Politically Motivated Term
Consumer Choice: This term is used politically to scare us into thinking that any type of health care reform will deny us of choice of doctor, drug, or treatment.
Reality Based Term
Consumer Choice: Under our current system, for people who are uninsured or underinsured, consumer choice means the freedom to choose between getting treatment and going bankrupt OR delaying treatment and getting sicker or even dying (and then becoming bankrupt). The Institute of Medicine estimated that 18,000 people die each year related to lack of health insurance (IOM, 2001), a number that is estimated to be even higher today (Dorn, Urban Institute 2008). Over half of all bankruptcies are related to medical bills (Himmelstein et al, American Journal of Medicine 2007). For those with insurance, consumer choice often means the choice of which for profit insurance company gets the right to deny your claims.

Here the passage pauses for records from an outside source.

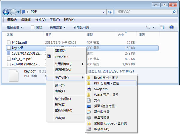 首頁操作技巧Windows 如何自訂 Windows 7 在檔案或資料夾上按下滑鼠右鍵時的「傳送到」內選項? 在 Windows 系統中,對於檔案或資料夾的刪除、複製、剪下、重新命名...等等的操作,通常都可以在其上按下滑鼠右鍵後在所出現的功能選項來快速完成,另外,除了這些標準的操作功能外,其中「傳送到」的功能可以讓我們快速的將檔案或資料夾傳送到我們指定的標的物例如電子郵件、傳真收件者...等等,不過「傳送到」裡面的功能選項,通常都是系統預設或是安裝了某項應用程式後所加入的,若自己也想自訂「傳送到」 的標的物時例如印表機、常用的分類資料夾...等等,該如何來操作呢? 🔔 不錯過任何精彩! 立即訂閱我們的 LINE 官方帳號 每次發佈新文章時,您將會第一時間收到本站文章連結通知,輕鬆掌握最新資訊! 使用 LINE 追蹤文章更新 §相關文章,還可以參閱:你的 Windows 筆電是真睡還是裝睡?一個設定終結背包發熱耗電學起來!微軟親授 10 個提升 Windows PC 效能的技巧如何升級 Windows 11 25H2?最新版本功能亮點與完整更新步驟Windows 工作列時鐘顯示秒數:真的會影響電池續航力嗎?LTT Labs 完整實測解析Windows 快速取出資料夾檔案名稱清單!內建功能輕鬆搞定,不用額外軟體 如何自訂 Windows 7 在檔案或資料夾上按下滑鼠右鍵時的「傳送到」內選項? 1.在[開始]功能表的[搜尋程式及檔案]方塊中輸入:shell:sendto 後,按下鍵盤的[Enter]按鈕。 2.接下來便會開啟內含「傳送到」 功能的資料夾,依照不同的使用者,預設路徑是在 C:\Users\[使用者]\AppData\Roaming\Microsoft\Windows\SendTo 3.若要自訂裡面的功能表,只需將應用程式、資料夾、檔案的捷徑拖拉到該資料夾內即可或是滑鼠右鍵點擊來建立捷徑或要分類的資料夾。 4.當下次有需要使用到「傳送到」內的功能時,將會更方便。
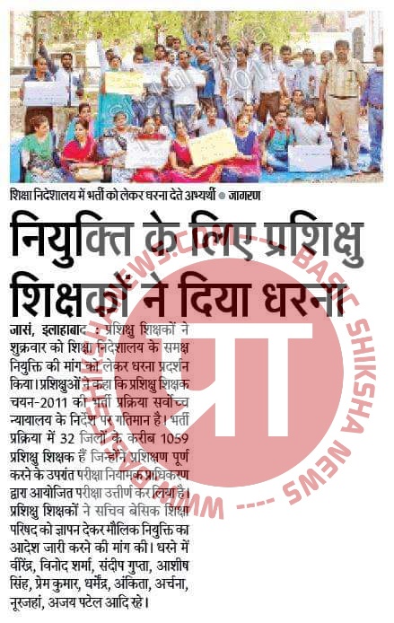जागरणजासं, इलाहाबाद : प्रशिक्षु शिक्षकों ने शुक्रवार को शिक्षा निदेशालय के समक्ष नियुक्ति की मांग को लेकर धरना प्रदर्शन किया। प्रशिक्षुओं ने कहा कि प्रशिक्षु शिक्षक चयन-2011 की भर्ती प्रक्रिया सर्वोच्च न्यायालय के निर्देश पर गतिमान है। भर्ती प्रक्रिया में 32 जिलों के करीब 1059 प्रशिक्षु शिक्षक हैं जिन्होंने प्रशिक्षण पूर्ण करने के उपरांत परीक्षा नियामक प्राधिकरण द्वारा आयोजित परीक्षा उत्तीर्ण कर लिया है। प्रशिक्षु शिक्षकों ने सचिव बेसिक शिक्षा परिषद को ज्ञापन देकर मौलिक नियुक्ति का आदेश जारी करने की मांग की। धरने में वीरेंद्र, विनोद शर्मा, संदीप गुप्ता, आशीष सिंह, प्रेम कुमार, धर्मेद्र, अंकिता, अर्चना, नूरजहां, अजय पटेल आदि रहे।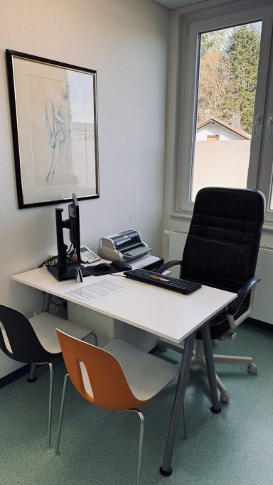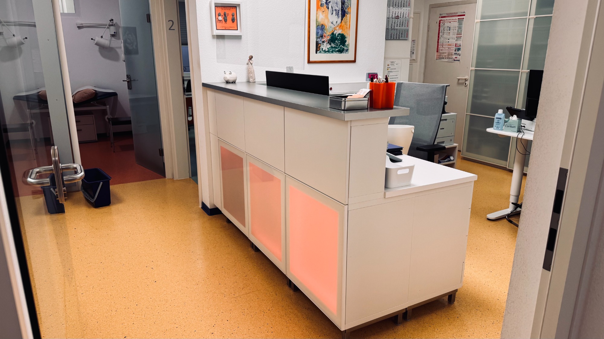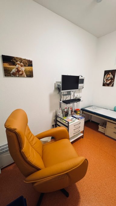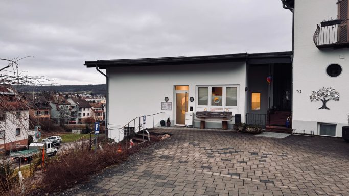 Ein Parkplatz für Gehbehinderte direkt vor der Praxis und ein Rollstuhl geeigneter Eingang ermöglichen einen guten Zugang.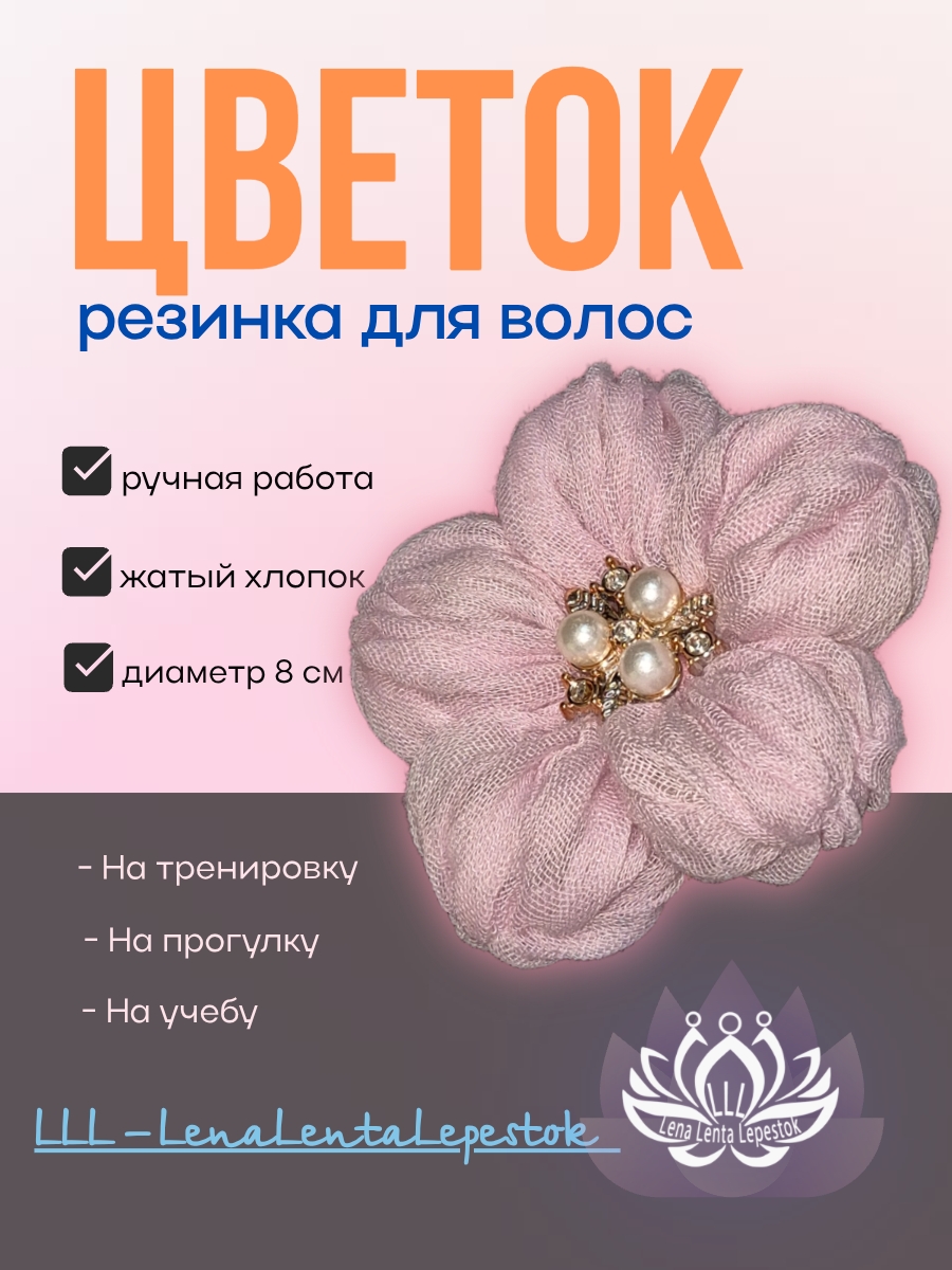 Представьте, как этот цветок украсит ваши волосы, придавая образу свежесть и женственность. Он станет идеальным дополнением к летнему платью, джинсам с футболкой или элегантному вечернему наряду. Резинка надежно фиксирует волосы, не повреждая их, и позволяет создавать разнообразные прически – от простого хвоста до сложной укладки.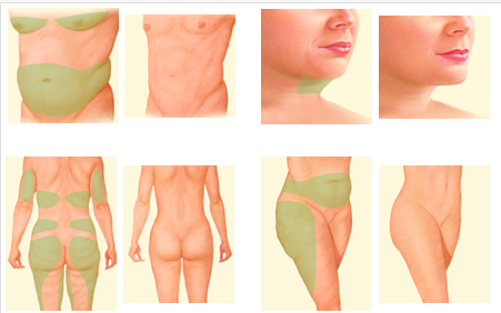 B : na kojim delovima tela se radi liposukcija?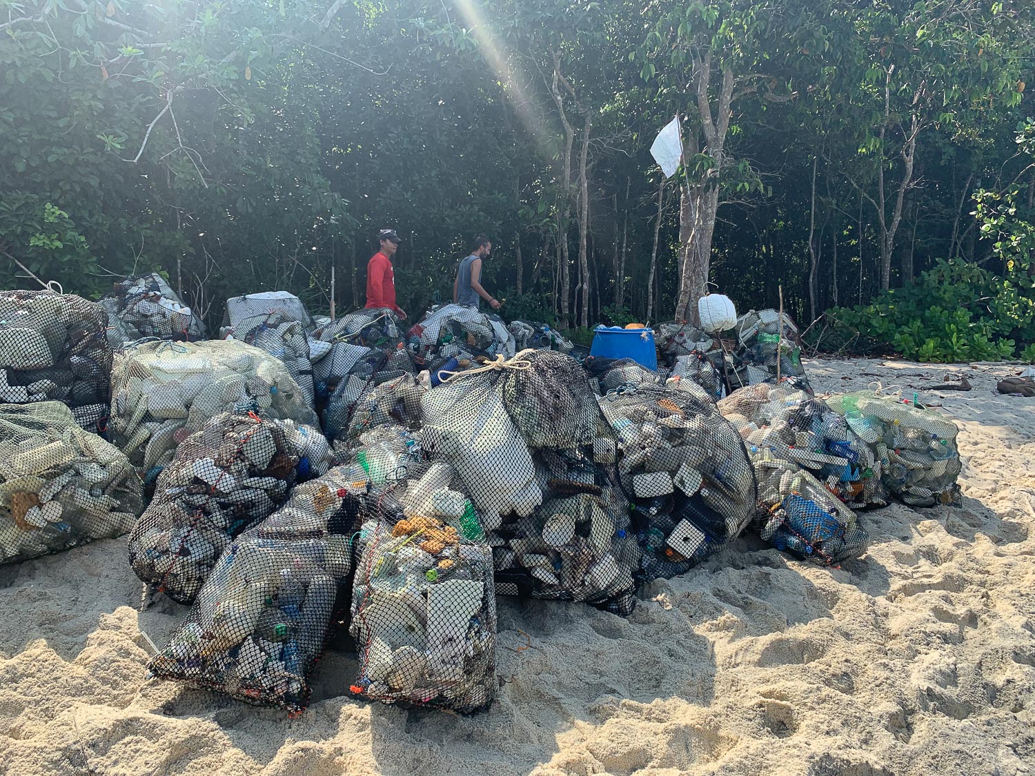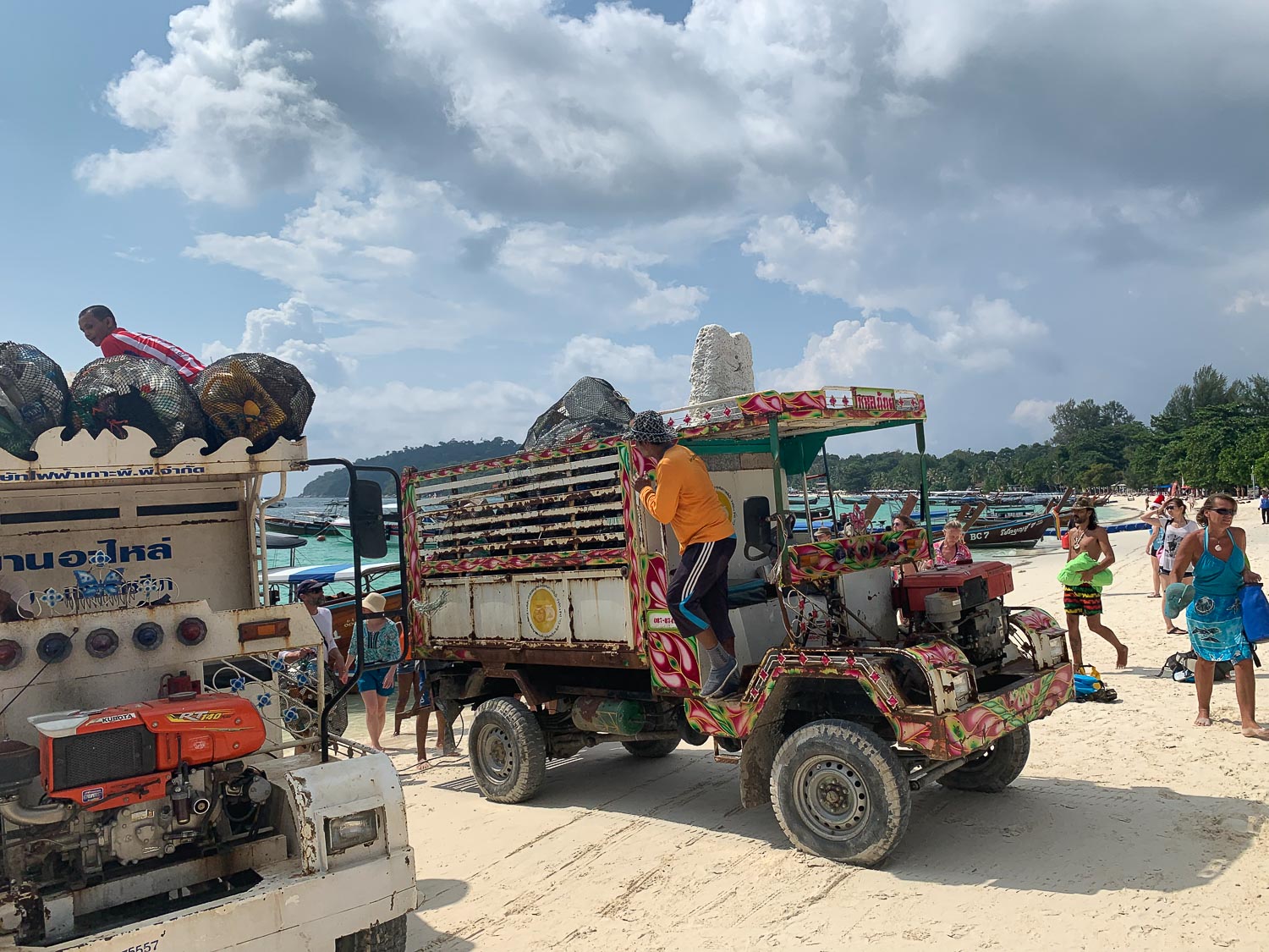 On our day volunteering, we spent almost an hour riding to the north coast of Koh Rawi, one of Koh Lipe’s larger, but uninhabited, neighbors. We all worked up quite a sweat picking up garbage for an hour on the edge of the jungle, but were rewarded with a plunge in the ocean when we were finished. It was disheartening to see so much garbage that had washed up onshore: mostly plastic and foam, but also a lot of light bulbs, oddly. Even though so much trash was left behind after we had filled up all our bags, it was pretty satisfying to haul away enough to fill two dump trucks. I couldn’t help but notice the irony of the trucks spewing a ton of smoke into the air, so I guess we’re trading trash for air pollution?

Politically Motivated Term
Government Run Health Care: This term is used politically to scare us into thinking that any type of health care reform will involve “Government bureaucrats” that will deny us of choice of doctor, drug, or treatment.
Reality Based Term
Government Run Health Care: The VA is an example of government run health care, as is the military health care system. There is no mention anywhere in any of the current health reform proposals of anything like the VA. The “public option” would be an insurance plan that would compete with private insurers, similar to Medicare.
As long as we’re dealing with reality, how do these scary “government plans” compare to private?
The New England Journal of Medicine published a study that compared Veterans Affairs health facilities on 11 measures of quality with fee-for-service Medicare. On all 11 measures, the quality of care in Veterans Affairs facilities proved to be "significantly better"(Arsura et al. NEJM 2003). The Annals of Internal Medicine also published a study that compared veterans health facilities with commercial managed-care systems in their treatment of diabetes patients. In seven out of seven measures of quality, the VA provided better care (Asch et al, Annals of Internal Medicine 2004). Scary, huh? For private insurers, its terrifying!
Here’s another scary statistic for insurers. In a recent study published in Health Affairs, guess what insurance was ranked most highly by enrollees? Medicare! In that study, 67% of elders rated Medicare as excellent or very good, 43% of Medicaid recipients rated their insurance as excellent or very good, and in last place only 21% of those with individual plans rated them as excellent or very good (Davis K et al. Health Affairs, July/August 2009).
Politically Motivated Term
Socialized medicine: See government run health care, above.
Reality based Term
Socialized medicine: No such thing exists in reality.